[DATASET RECORDS]:
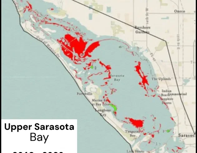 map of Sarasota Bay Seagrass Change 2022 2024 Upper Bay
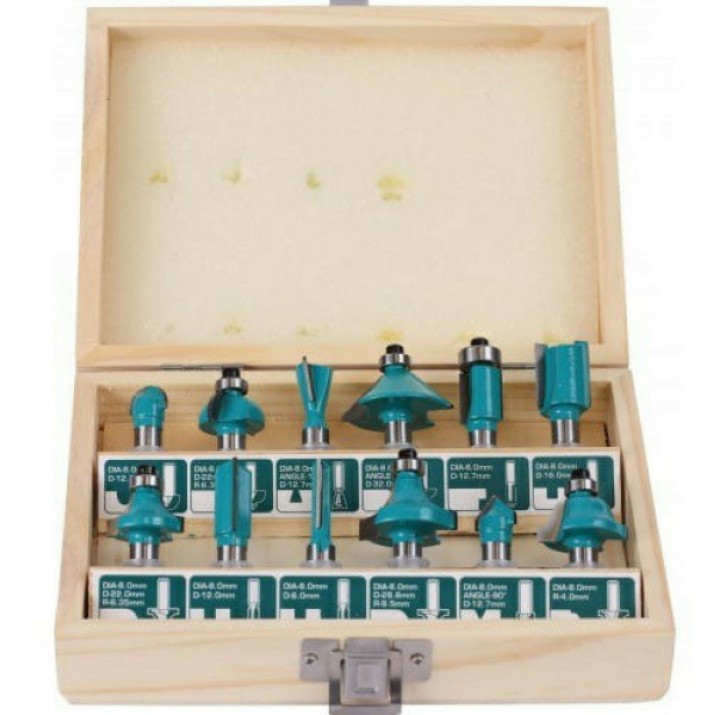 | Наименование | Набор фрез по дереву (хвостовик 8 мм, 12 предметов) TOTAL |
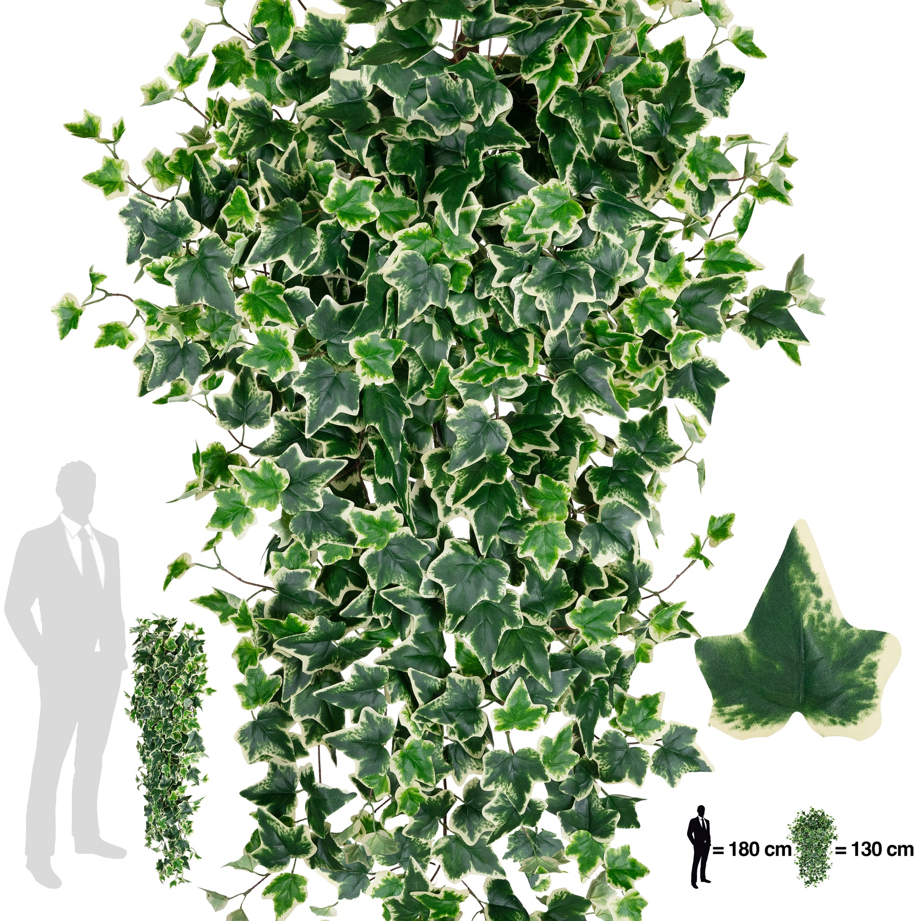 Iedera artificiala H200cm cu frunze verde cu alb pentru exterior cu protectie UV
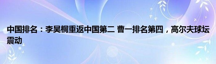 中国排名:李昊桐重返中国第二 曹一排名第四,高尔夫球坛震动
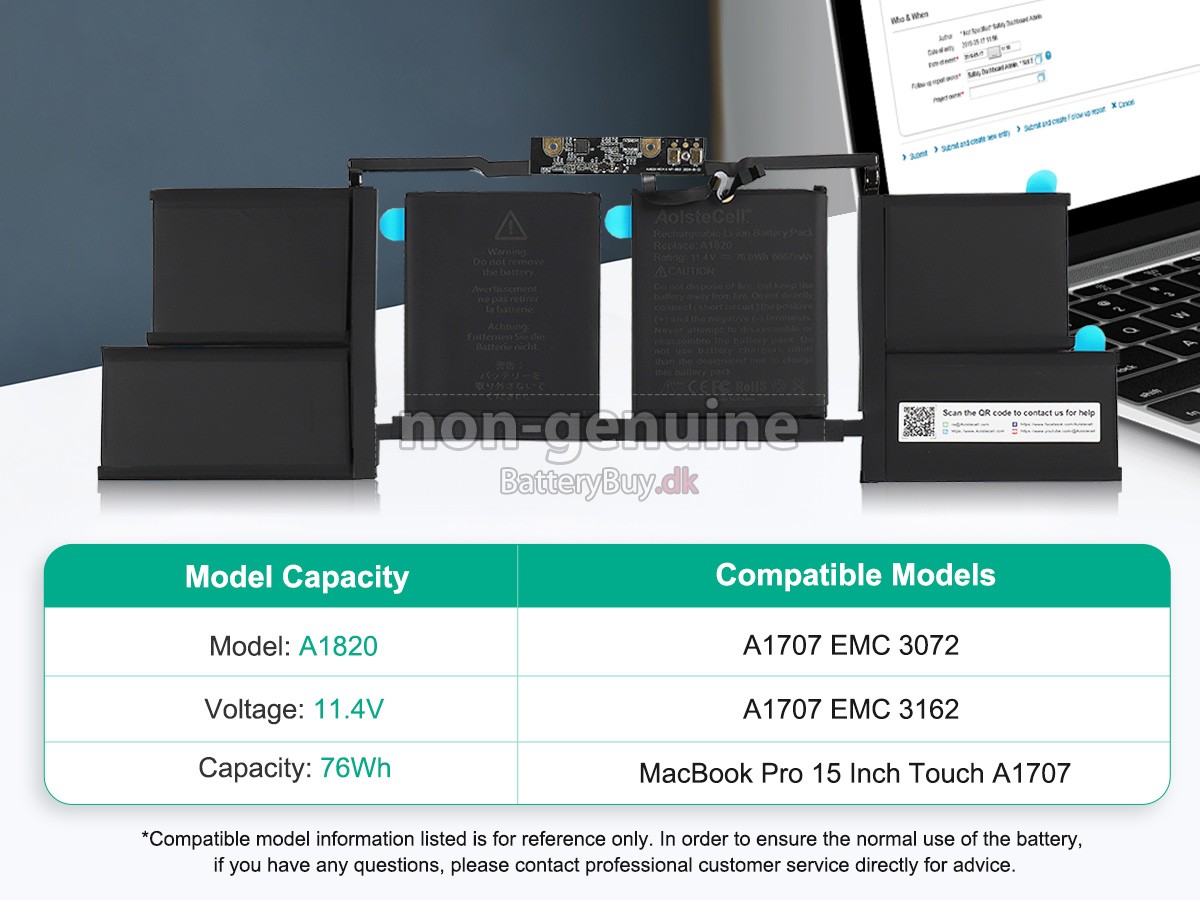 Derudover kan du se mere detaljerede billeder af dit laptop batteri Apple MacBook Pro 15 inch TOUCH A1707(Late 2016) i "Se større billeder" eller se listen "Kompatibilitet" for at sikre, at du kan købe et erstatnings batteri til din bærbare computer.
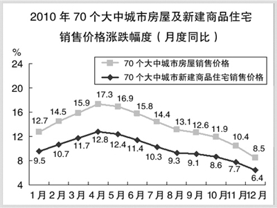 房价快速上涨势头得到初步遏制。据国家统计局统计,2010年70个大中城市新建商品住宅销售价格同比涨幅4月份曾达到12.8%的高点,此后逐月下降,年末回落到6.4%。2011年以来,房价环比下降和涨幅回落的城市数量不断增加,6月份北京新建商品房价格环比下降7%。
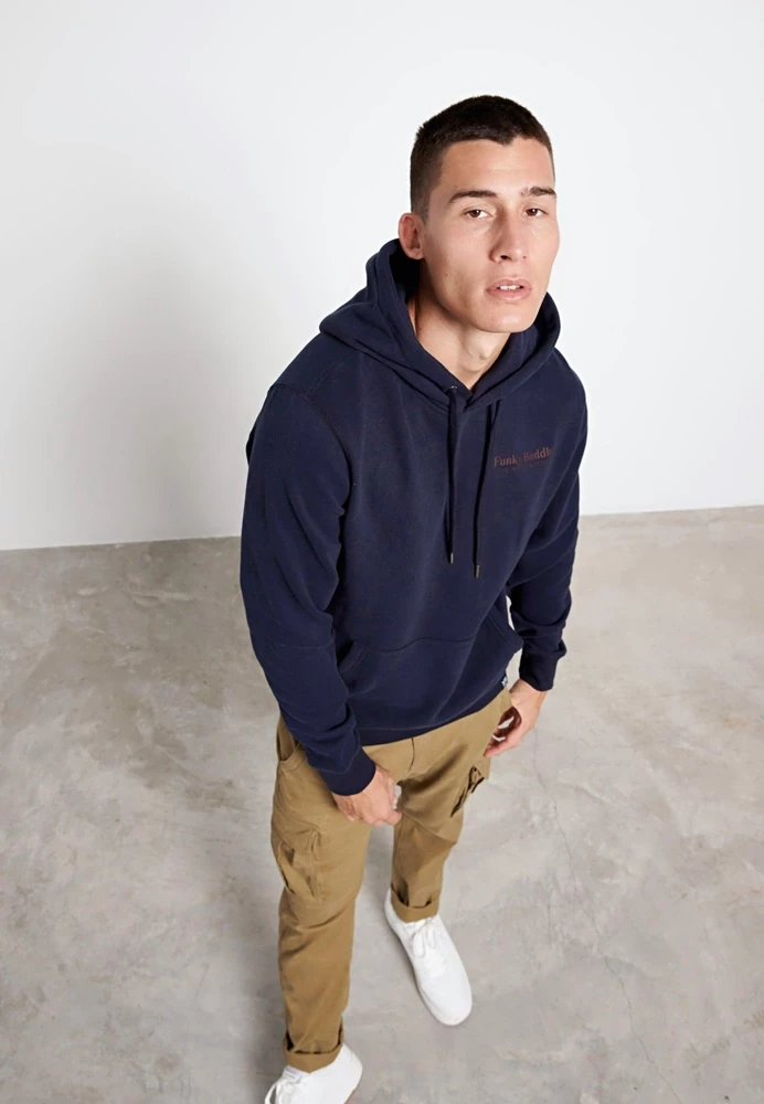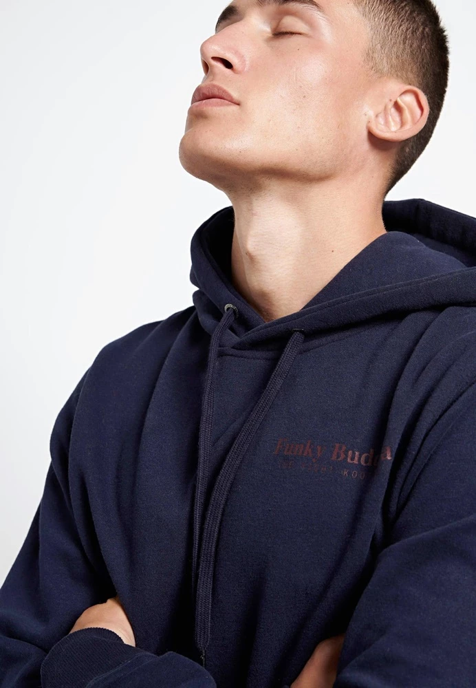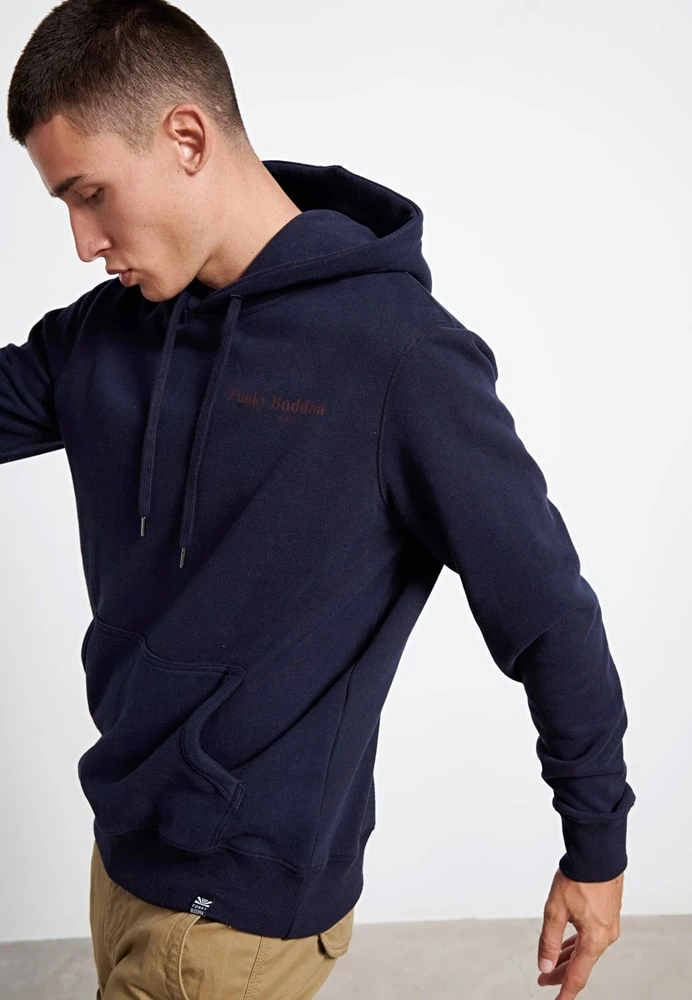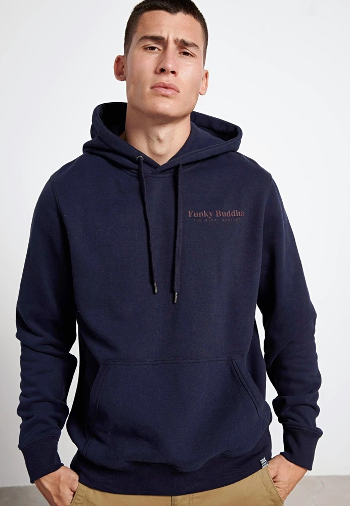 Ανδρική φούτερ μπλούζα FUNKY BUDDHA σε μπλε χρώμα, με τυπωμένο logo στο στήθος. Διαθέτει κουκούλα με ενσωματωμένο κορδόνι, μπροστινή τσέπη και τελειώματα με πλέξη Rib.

[WHAT YOU WILL DO]: Could you copy every record above exactly, leaving out the pictures?

[SOLUTION TO THIS TASK]:
 map of Sarasota Bay Seagrass Change 2022 2024 Upper Bay
 | Наименование | Набор фрез по дереву (хвостовик 8 мм, 12 предметов) TOTAL |
 Iedera artificiala H200cm cu frunze verde cu alb pentru exterior cu protectie UV
 中国排名:李昊桐重返中国第二 曹一排名第四,高尔夫球坛震动
 Derudover kan du se mere detaljerede billeder af dit laptop batteri Apple MacBook Pro 15 inch TOUCH A1707(Late 2016) i "Se større billeder" eller se listen "Kompatibilitet" for at sikre, at du kan købe et erstatnings batteri til din bærbare computer.
 房价快速上涨势头得到初步遏制。据国家统计局统计,2010年70个大中城市新建商品住宅销售价格同比涨幅4月份曾达到12.8%的高点,此后逐月下降,年末回落到6.4%。2011年以来,房价环比下降和涨幅回落的城市数量不断增加,6月份北京新建商品房价格环比下降7%。
 Ανδρική φούτερ μπλούζα FUNKY BUDDHA σε μπλε χρώμα, με τυπωμένο logo στο στήθος. Διαθέτει κουκούλα με ενσωματωμένο κορδόνι, μπροστινή τσέπη και τελειώματα με πλέξη Rib.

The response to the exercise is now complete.